Valerio Adami

Valerio Adami was born in Bologna in 1935. He began to paint at a very young age and constantly travelled around Europe, Asia and America. 1951 was a fundamental year in his personal and artistic development. He met and associated with Oscar Kokoschka and began to study drawing with Achille Funi at the Academy of Brera in Milan. At the beginning of his career he drew inspiration from the Expressionist avant-garde, particularly from Francis Bacon, then he moved towards abstract and gestural painting and later focused on the development of American Pop Art modules. His works thus took on the character of fantastic-sarcastic comic-strip stories, into which he inserts banale modern objects in symbolic mode. His style distinguishes itself for the use of a decisive color-scheme, with flat coats of color separated by clean black lines.
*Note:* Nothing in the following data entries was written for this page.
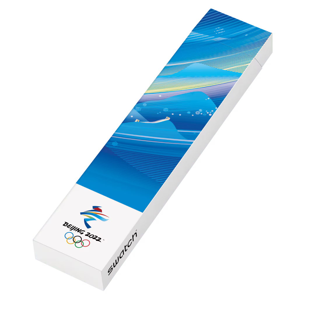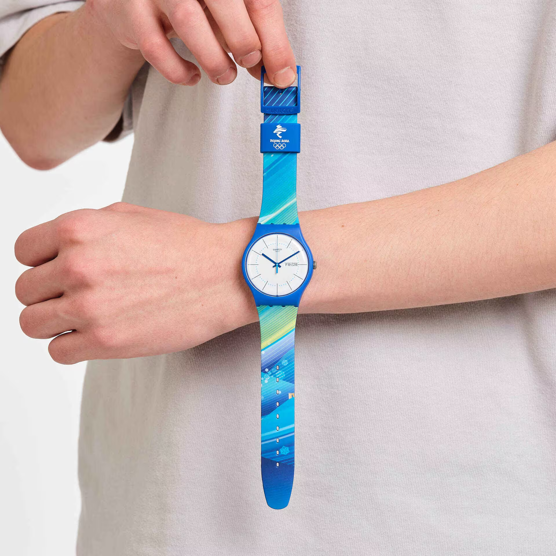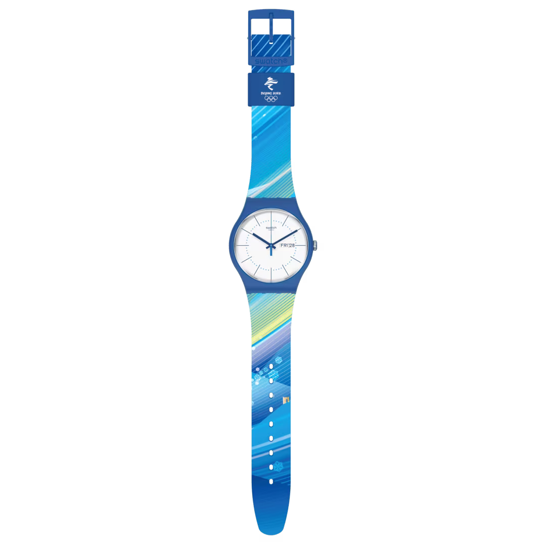 Эти олимпийские часы завоевали золото благодаря синему матовому корпусу из биоматериалов, синему силиконовому ремешку с зимним принтом и белому циферблату с синими индексами.
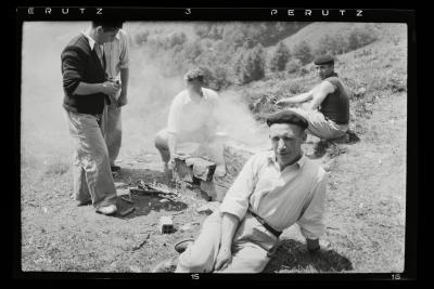 Gizonak lurrean eserita mendian, bat sua egiten. | 26-6-44 xxx |
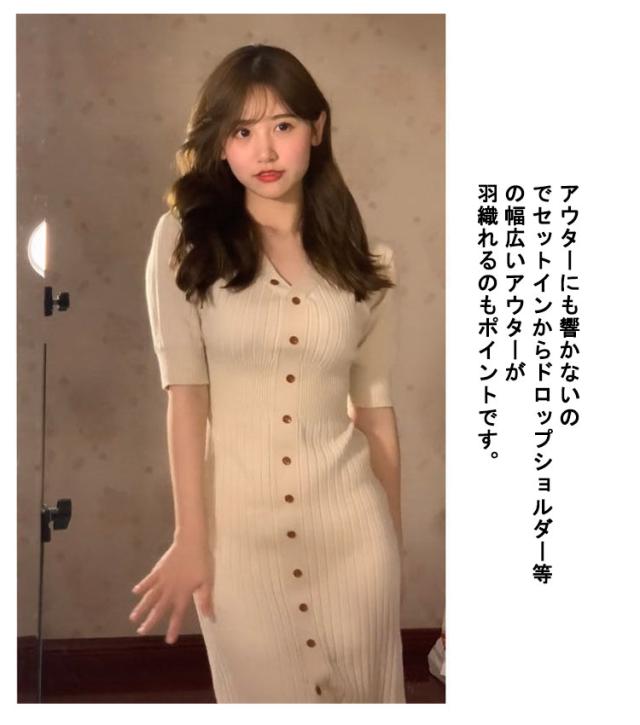 | 女性らしいシルエットが即叶うタイトな5分袖ニットワンピースです。 釦の配色デザインもポイントでボディラインにしっくりフィットするサイズ感が女性らしさを演出しています。 縦ラインを強調するリブ編みでスタイルアップ効果も。 飽きのこないシンプルなデザインなので、お出かけ用のおしゃれ着以外にもお仕事用としても重宝しそうです。 アウターにも響かないのでセットインからドロップショルダー等の幅広いアウターが羽織れるのもポイントです。 これからのデート時期に特に取り入れていただきたいお勧めの1着です。 | |
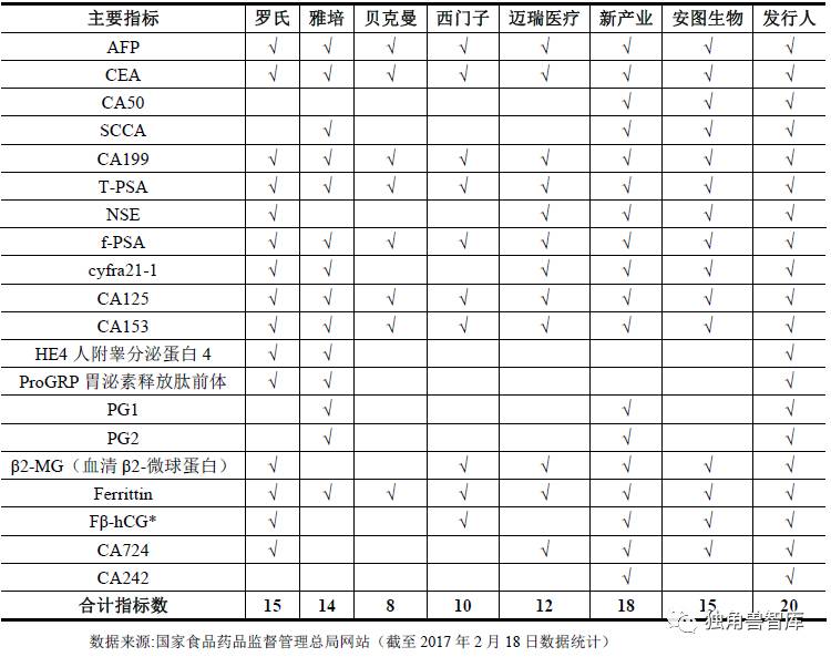 肿瘤标志物系列产品是公司目前主要产品,目前,公司已开发20种肿瘤标志物检测产品及对应的质控品和校准品,是国内乃至国际上肿瘤标志物临床检测产品最齐全的公司之一。公司肿瘤标志物产品在市场上具有良好的品牌影响力和市场竞争力,目前主要竞争对手为罗氏、雅培、贝克曼、西门子等外资品牌,及少数国内厂家如深圳新产业、安图生物等。目前,主要厂商肿瘤标志物产品检测指标情况如下: (2)公司高端医院覆盖率高,市场认可度高
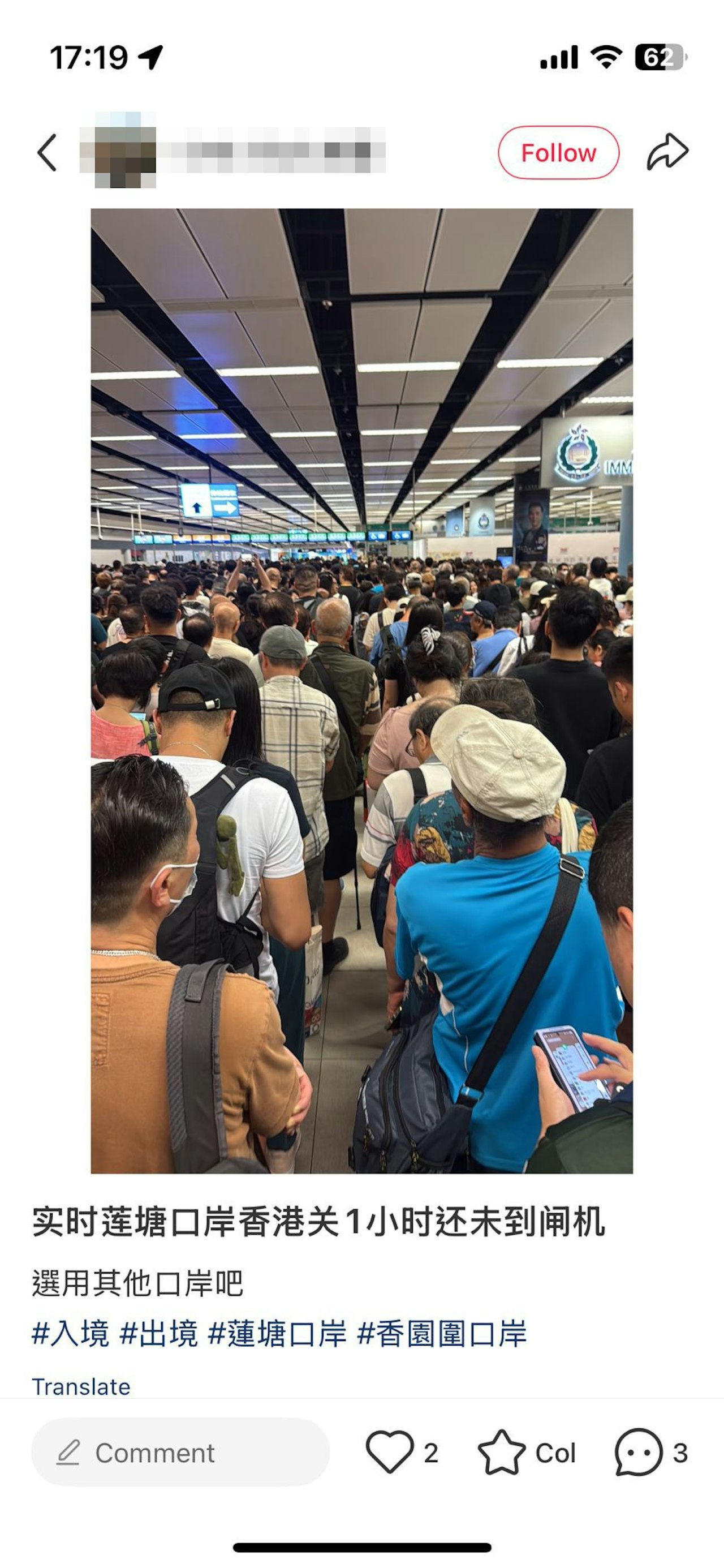 社交平台小紅書上有不少旅客都發文指,出境香港時遇見人潮,形容「人擠人擠不動」,在過關位更排起人龍,等近1小時都未到離境閘位,呼籲網民使用其他陸路口岸。
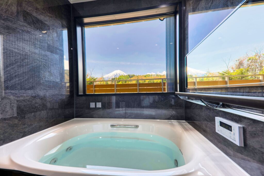 The bathroom with a jacuzzi, where Mount Fuji peeks in when you open the blinds, has received high praise from many guests.
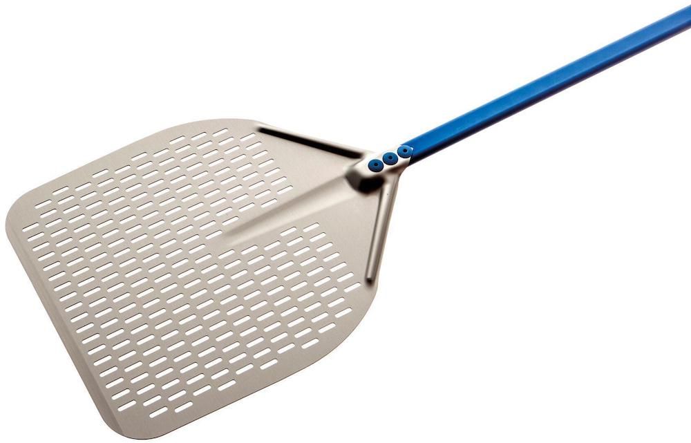 Лопата для пиццы GIMETAL A-32RF используется на предприятиях общественного питания и торговли для загрузки, выемки и поворачивания во время приготовления изделий из теста, готовящихся в печах. Изделие имеет ровные края, небольшой борт у основания и квадратную форму с перфорацией. Рабочая часть и ручка выполнены из анодированного алюминия, который обладает высокой жаропрочностью и устойчив к износу и царапинам.
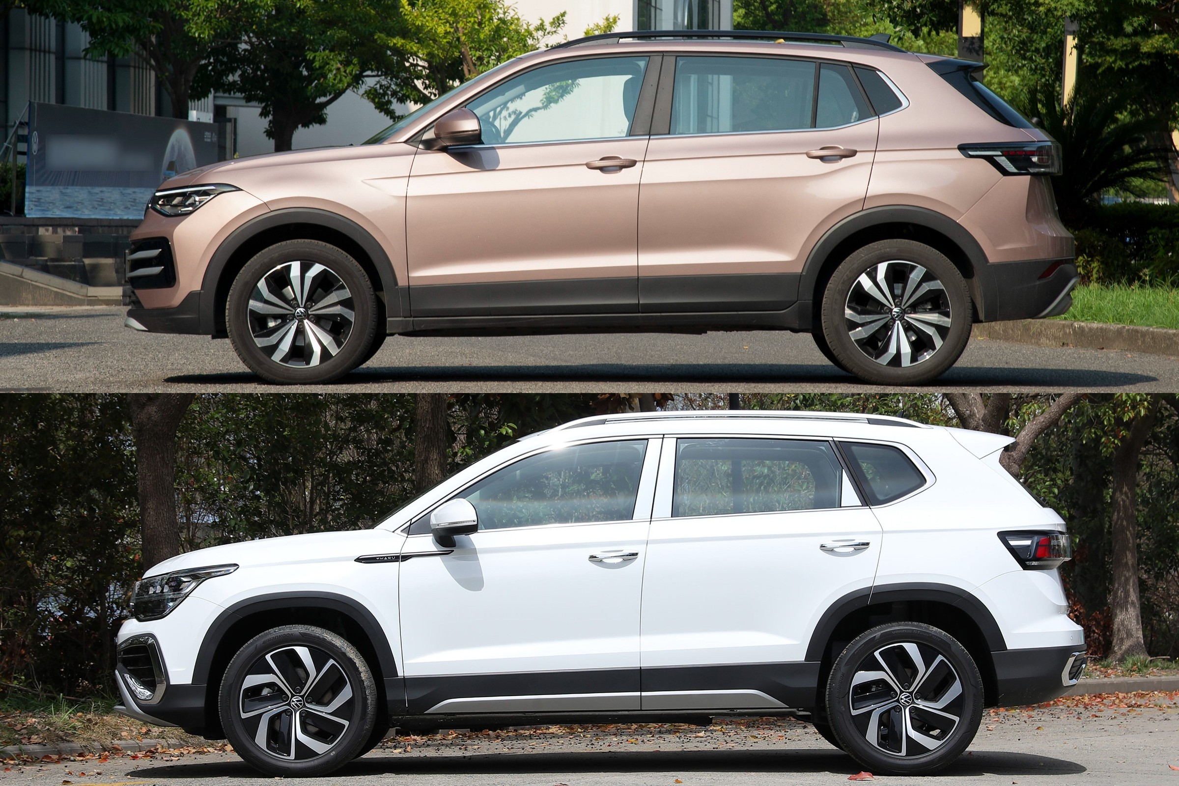 因为定位比2024款途岳略低,车身尺寸缩水了一圈,后悬挂从多连杆降为扭力梁,轮胎宽度从225mm降为205mm,沦为小型SUV水平(如本田缤智),但仍自称紧凑型SUV。
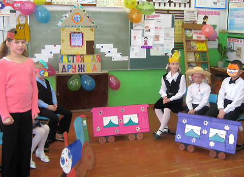 Книжная выставка: «С детства дружбой дорожи!», музыкальные записи, шары, нарисованный паровозик, домик, ступеньки с законами дружбы, карточки с пословицами, презентация «Праздник Дружбы», мультфильм «Приключения кота Леопольда».
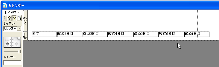 まず、作成したレイアウトの設計画面は次の図のようなシンプルなものです。要は日付が表示されるフィールドが横に並んでいればいいわけです。それがリスト表示になっていればかまいません。
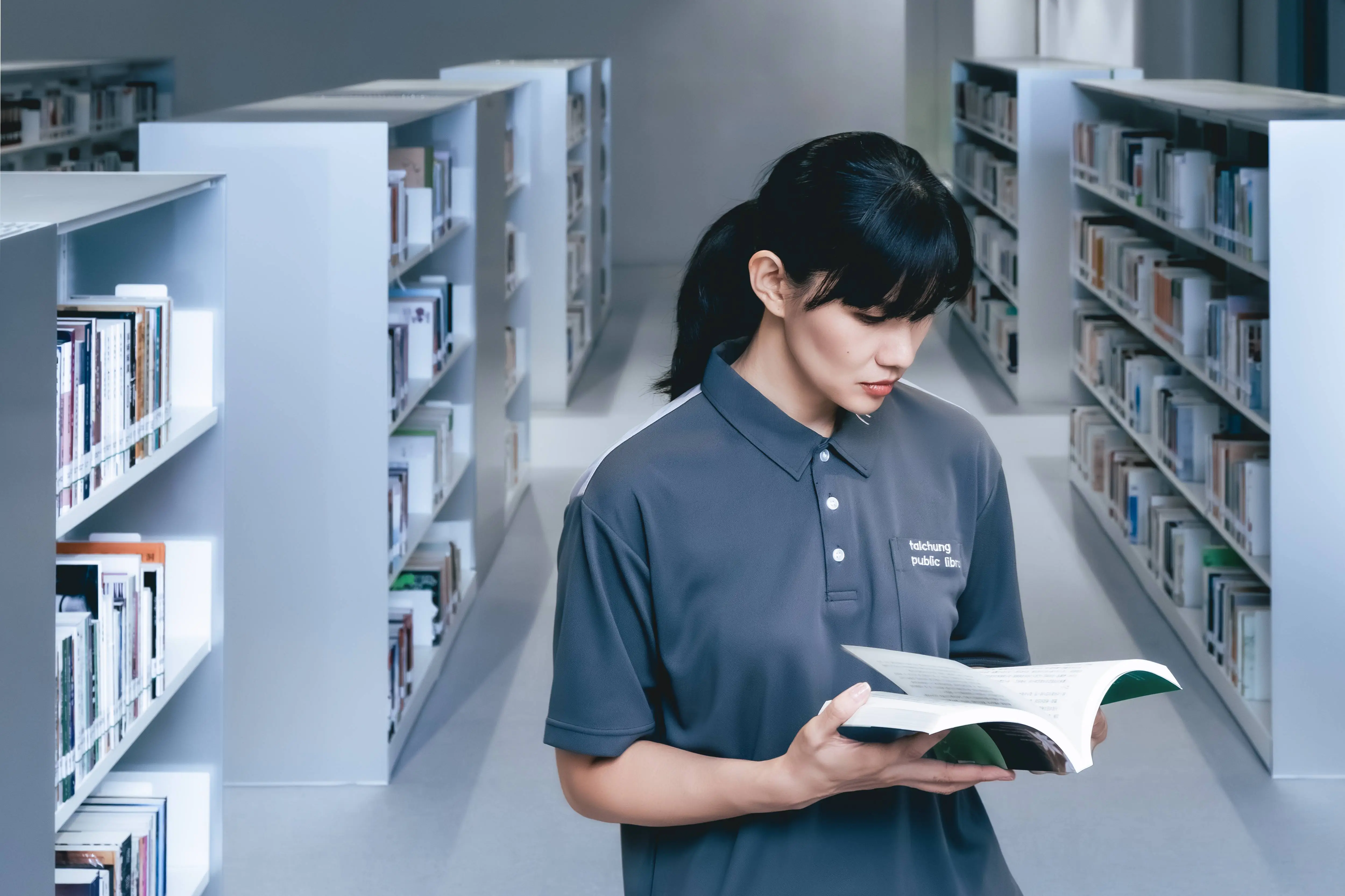 臺中市立美術館館長賴依欣表示,工作服設計融入館舍元素與概念巧思,兼顧實用性與美感,不僅呼應建築空間的乾淨調性,藍色不規則剪裁也讓館員與志工在行走之間,如同流動於空間中的色彩筆觸,向觀眾傳遞與藝術相遇的美好期待,同時提升服務識別度。臺中市立圖書館館長曾惠君則指出,圖書館制服以深色基調與俐落線條展現專業與優雅,兼顧美感與機能性,也映照出閱讀場域所蘊含的沉靜氛圍。
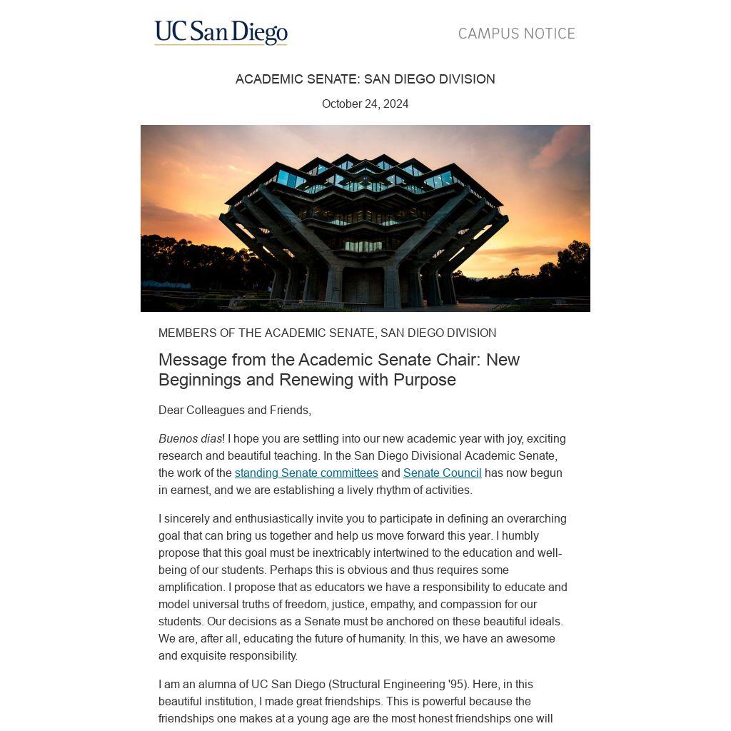 Buenos dias! I hope you are settling into our new academic year with joy, exciting research and beautiful teaching. In the San Diego Divisional Academic Senate, the work of the standing Senate committees and Senate Council has now begun in earnest, and we are establishing a lively rhythm of activities.
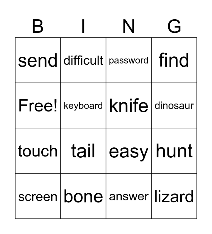 This bingo card has 16 words: bone, hunt, password, send, touch, difficult, easy, answer, Free!, keyboard, screen, find, tail, dinosaur, knife and lizard.

Between 1961 and 1964 he worked in London and Paris, concluding with his participation in documenta 3 of Kassel, in which he presented his works in a solo show. In 1967 in New York he made a series of works which were exhibited the following year in the Venice Biennale. In 1985 the Centre Pompidou of Paris dedicated an anthological exhibition to him. Adami gained the reputation of international artist and received numerous commissions for works in public areas, including two large panels for the atrium of the Gare d’Austerlitz in Paris (1987).

In 2005 he created the Fondazione Europea del Disegno in Meina on Lake Maggiore in Italy, with the aim of conserving his artistic legacy and of teaching and propagating the cultural technique of drawing.

The value of his works has increased in the last few years, the basic price of the single works now being over 50 thousand euros. But these values are still modest in relation to the artist’s international stature, making a possible future increase likely.